Content-Transfer-Encoding: 7bit
X-Complaints-To: usenet@sea.gmane.org
X-Gmane-NNTP-Posting-Host: d255146.dialin.hansenet.de
X-Mailer: Mozilla 3.0 (OS/2; U)
X-Spam-Score: 1.1 (+)
X-Scan-Signature: f66b12316365a3fe519e75911daf28a8
X-BeenThere: discuss@apps.ietf.org
X-Mailman-Version: 2.1.5
Precedence: list
List-Id: general discussion of application-layer protocols <discuss.apps.ietf.org>
List-Unsubscribe: <https://www1.ietf.org/mailman/listinfo/discuss>, <mailto:discuss-request@apps.ietf.org?subject=unsubscribe>
List-Post: <mailto:discuss@apps.ietf.org>
List-Help: <mailto:discuss-request@apps.ietf.org?subject=help>
List-Subscribe: <https://www1.ietf.org/mailman/listinfo/discuss>, <mailto:discuss-request@apps.ietf.org?subject=subscribe>
Errors-To: discuss-bounces@apps.ietf.org

John C Klensin wrote:

>> When I mentioned hex. NCRs I meant XML, not SGML and its many
>> ways to save keystrokes.

> And I was commenting only on the suggestion that all reference
> to HTML be removed, however horrible it is.
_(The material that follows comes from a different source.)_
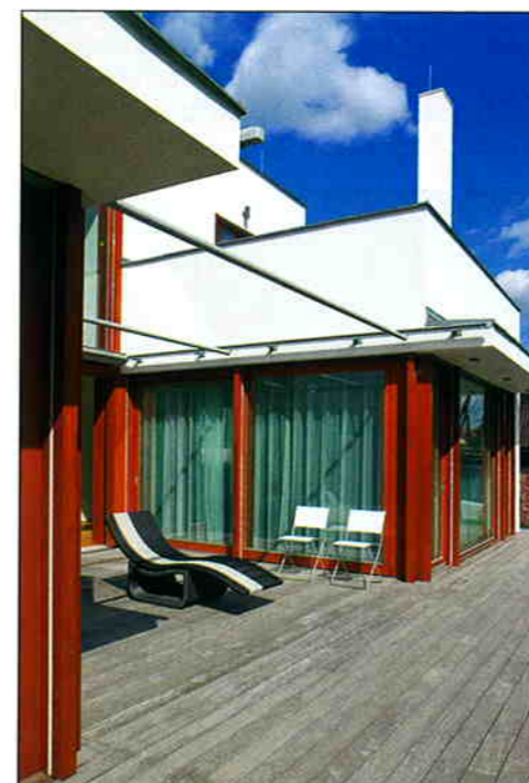
Příchod je krytý lehkou pergolou.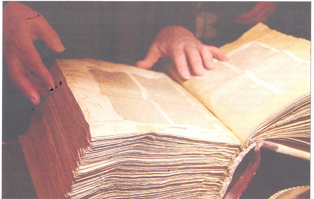
Un incunable del 1483 amb textos bíblics que va ser restaurat abans de la Guerra Civil espanyola i que està al fons de l'Arxiu Capítular de la catedral de Tortosa.

L'Arxiu Capítular ara ha iniciat la restauració dels pergamins; un treball molt costós, però, segons detalla mossèn Alanyà, molt necessari per poder fer "una lectura del seu contingut" perquè amb el pas del temps han sofert molt deteriorament. Ara s'ha iniciat la seua neteja i planxat, coincidint, a més a més, amb l'elaboració del tercer volum del Diplomatari de la catedral, sota direcció d'Antoni Virgili. Concretament, aquest volum estarà dedicat a l'època de la reconquesta de València, en temps de Jaume I. De tots els pergamins, els més importants són els que van del segle xii al xiv, tot i que els més abundants són els anomenats censals, que era com l'escriptura que es feia entre l'Església i la gent que donava diners per

That's one of those mail communication breakdowns, my remark here
about the wonders of SGML (as seen or not in most browsers trying
to display HTML) was in reply to Clive.  It was no objection to or
suggestion for your I-D.  Of course I support CharMod C044 with
explicit delimiters (as in XML but not SGML) and CharMod C043 with
hex. escapes (something XML and SGML couldn't do, but your I-D and
RFC 4646 got it right.).

 [unlike RFC 2231 an URL can't say what it is]
> I think I've understood both of those things.  I just haven't
> seen the justification or requirement to start exploring existing
> protocols in this document, famous or not.

IIRC you have a SHOULD.  One accepted justification to violate a
SHOULD is "your new rule came too late for my old implementation",
and so far it's unnecessary to talk about it.  But IMO there can
be also reasons to violate this SHOULD in future protocols, if it's
in a context remotely related to IRIs.  Or similar situations where
say using B64-encoded UTF-8 is better than ASCII with hex. NCRs.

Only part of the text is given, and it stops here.